Opponent models are relatively weak (rule-based, random); the evaluation measures win rates against weak opponents rather than against the strongest AIs.
The data filtering strategy is insufficiently fine-grained — in team games, key contributors should be distinguished rather than retaining all data from the winning side.
The 14B degradation suggests that LoRA rank may need to be scaled with model size.
The study is limited to card games and does not extend to perfect-information games such as board games.

vs. AlphaGo/AlphaZero: These systems learn from scratch via self-play and RL, whereas this paper uses existing AI-generated data for SFT. The advantage of LLMs lies in the generality of a single model across multiple games.
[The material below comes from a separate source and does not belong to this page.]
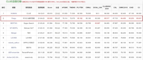 盘古NLP大模型位列CLUE总排行榜第一
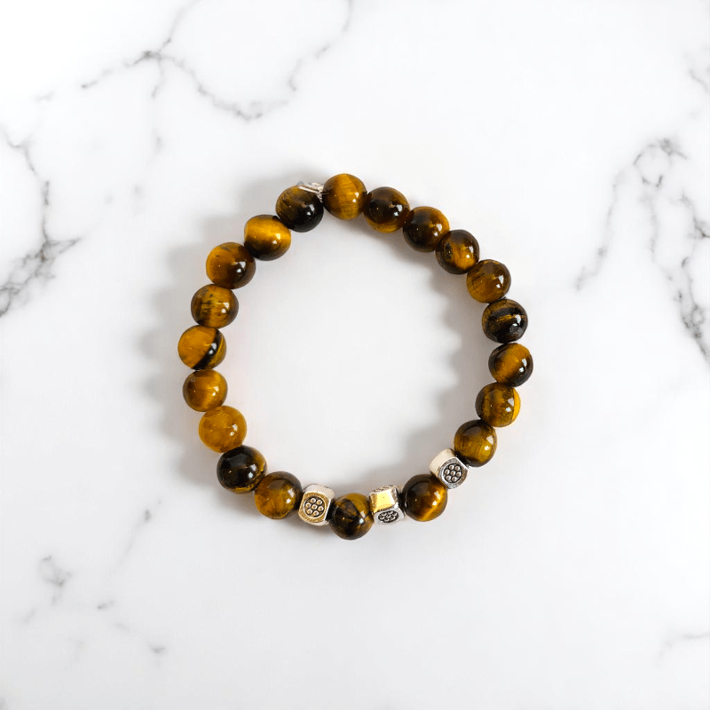 - The second bracelet features Tiger Eye, a stone of courage, strength, and protection.

vs. Suspicion-Agent (Guo et al.): Prompt-based methods rely on the model's intrinsic knowledge and fall far short of SFT-based approaches (GPT-4o achieves only 0.18 on Dou Di Zhu vs. 0.85 after SFT).
vs. Specialized game AIs: LLMs approach but do not surpass specialized AIs, indicating a ceiling for SFT that may require RL to overcome.

Rating¶

Novelty: ⭐⭐⭐ The method (SFT) itself is not novel, but the systematic evaluation framework and experimental findings are valuable.
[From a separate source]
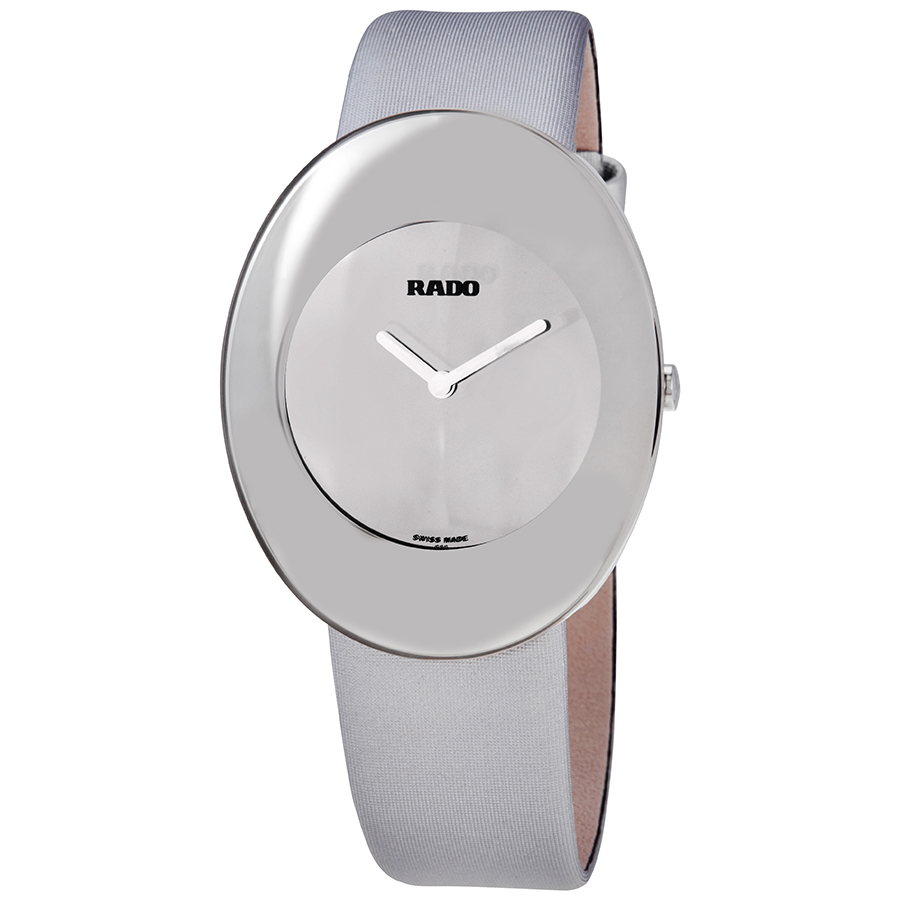 Silver-tone stainless steel case with a silver-tone satin over leather strap. Fixed silver-tone stainless steel bezel. Silver-tone dial with silver-tone hands. Dial Type: Analog. Quartz movement. Scratch resistant sapphire crystal. Pull / push crown. Solid case back. Oval case shape, case size: 33 mm, case thickness: 8 mm. Band width: 17 mm, band length: 7 inches. Buckle clasp. Water resistant at 30 meters / 100 feet. Functions: hour, minute. Luxury watch style. Watch label: Swiss Made. Rado Esenza Quartz Silver Dial Ladies Watch R53739306.

Experimental Thoroughness: ⭐⭐⭐⭐⭐ Eight games, multiple model types and scales, and three evaluation dimensions (single-game, multi-game, general capability) constitute a very comprehensive study.
Writing Quality: ⭐⭐⭐⭐ Experiment-driven, with clear conclusions and detailed data.
Value: ⭐⭐⭐⭐ Provides solid benchmark evidence for the capability boundaries of LLMs as general-purpose agents.